[Data excerpt]
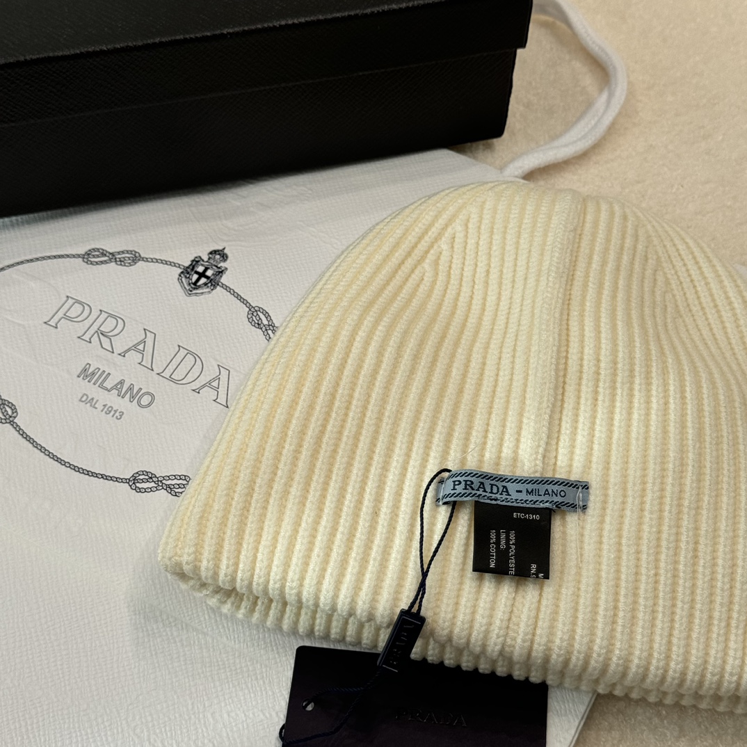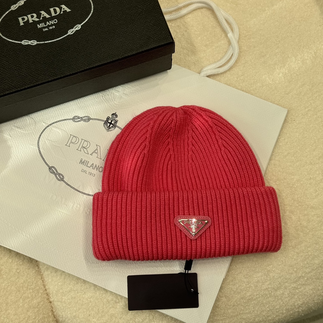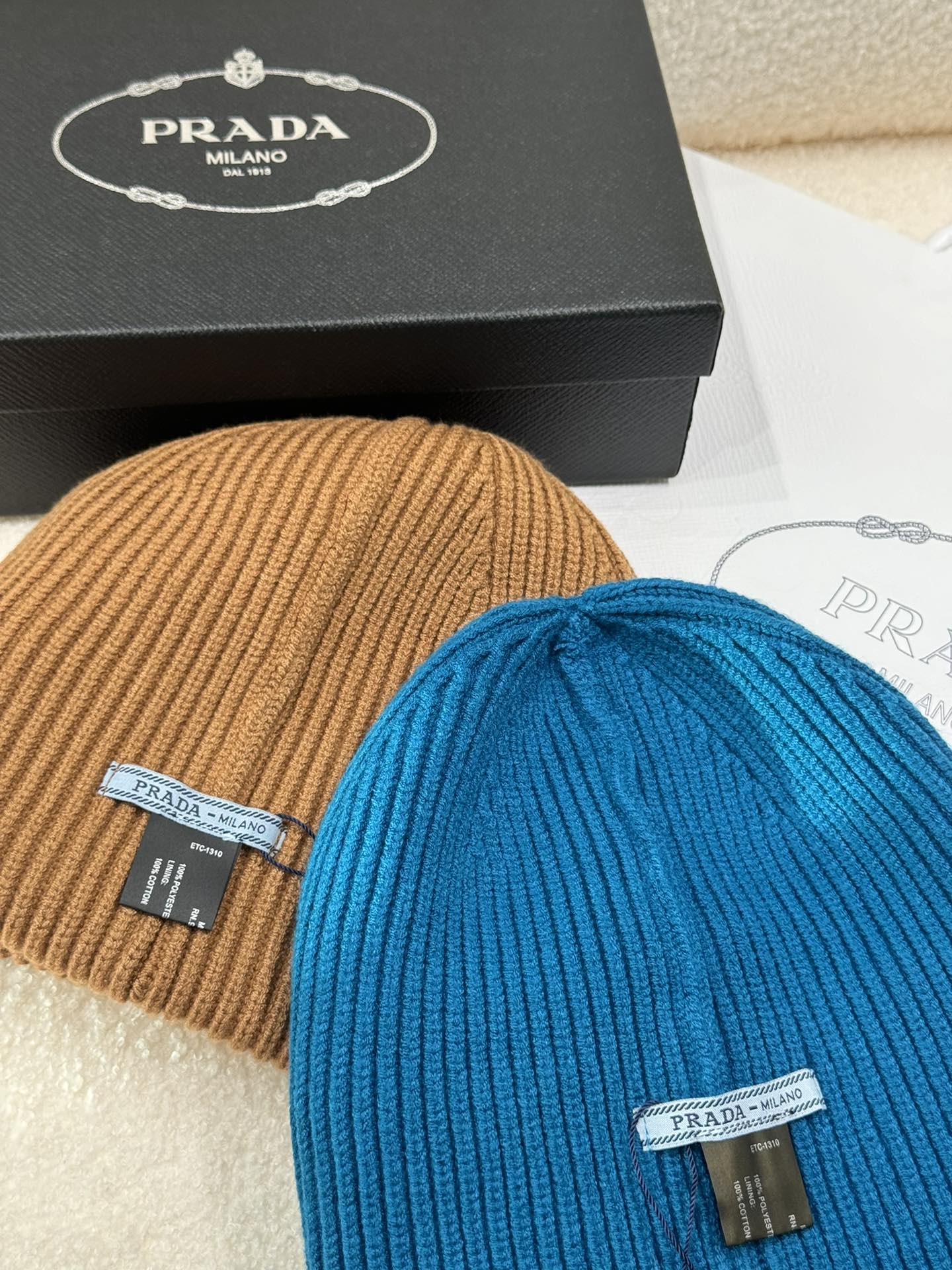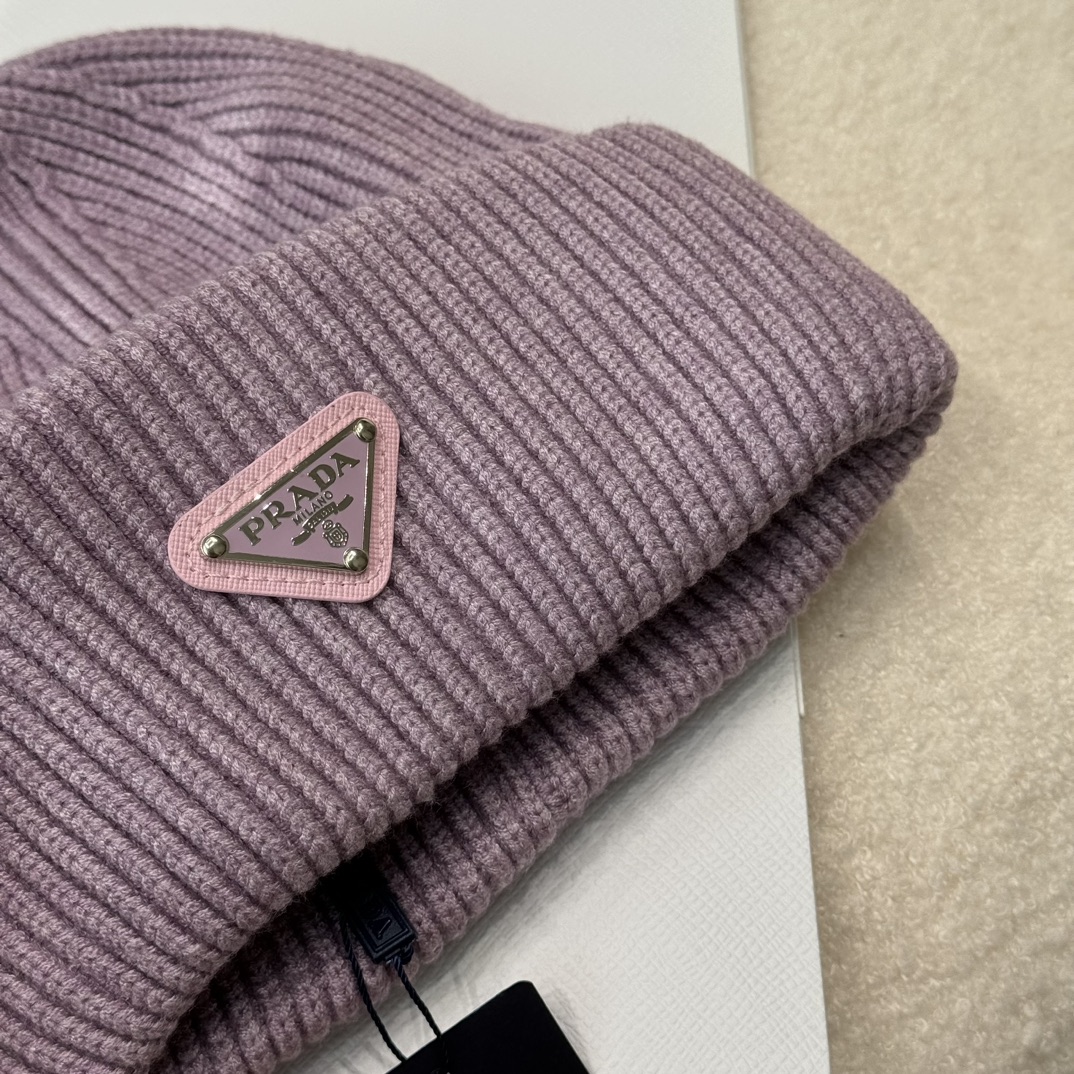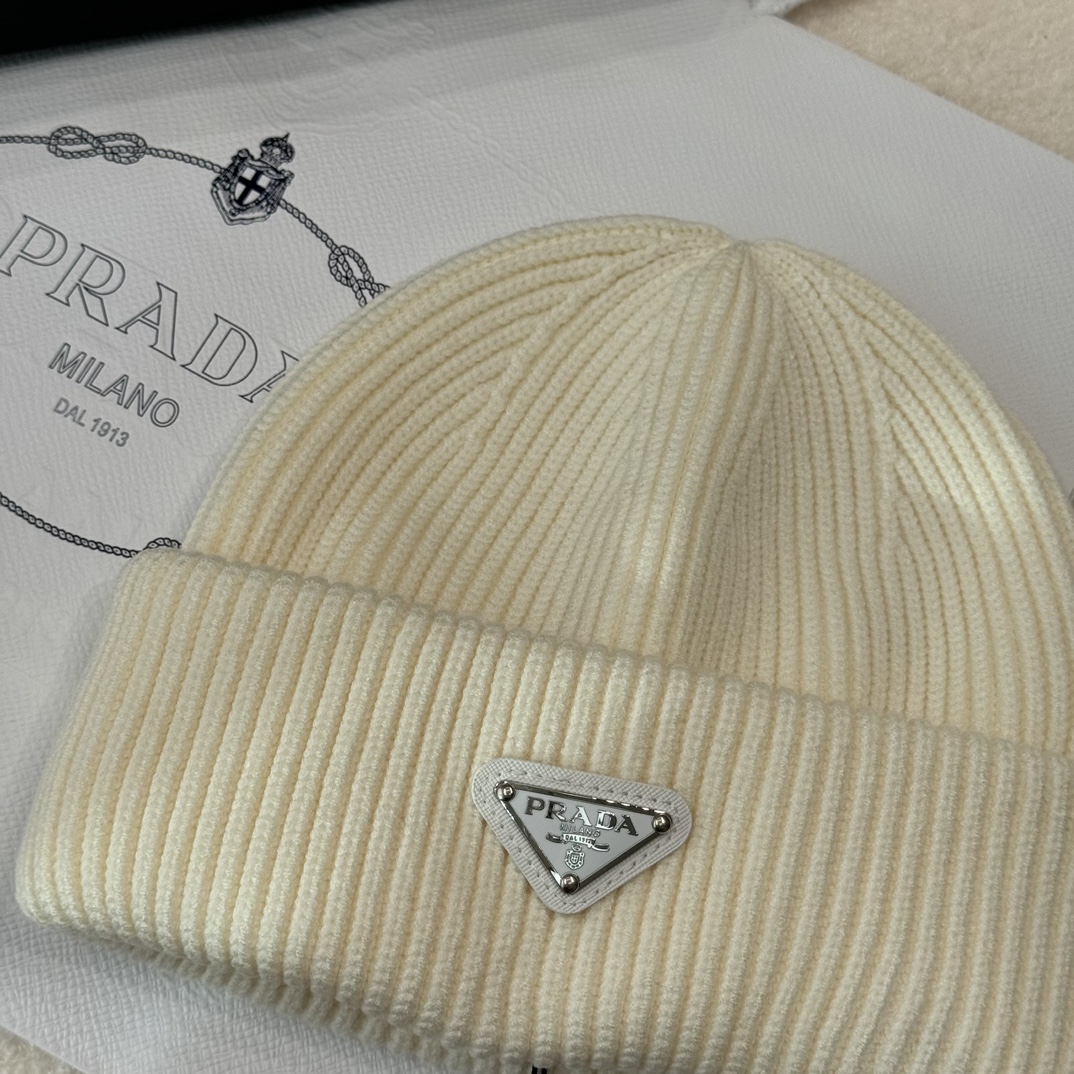 PRADA普拉达秋冬款翻边羊毛针织毛线帽
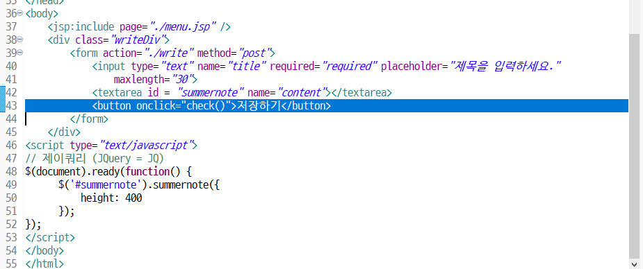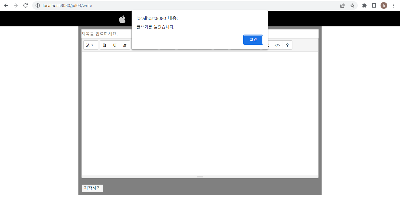글쓰기 - 저장하기 버튼 누르면 check() 함수 작동(팝업창)
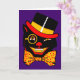 Vintager Halloween-Dekor, der eine schwarze Katze mit einer Richtung der Art kennzeichnet. Und ein Monocle.

[Exercise instructions] Copy the listing word for word, excluding its pictures.

[Response below]
 PRADA普拉达秋冬款翻边羊毛针织毛线帽
글쓰기 - 저장하기 버튼 누르면 check() 함수 작동(팝업창)
 Vintager Halloween-Dekor, der eine schwarze Katze mit einer Richtung der Art kennzeichnet. Und ein Monocle.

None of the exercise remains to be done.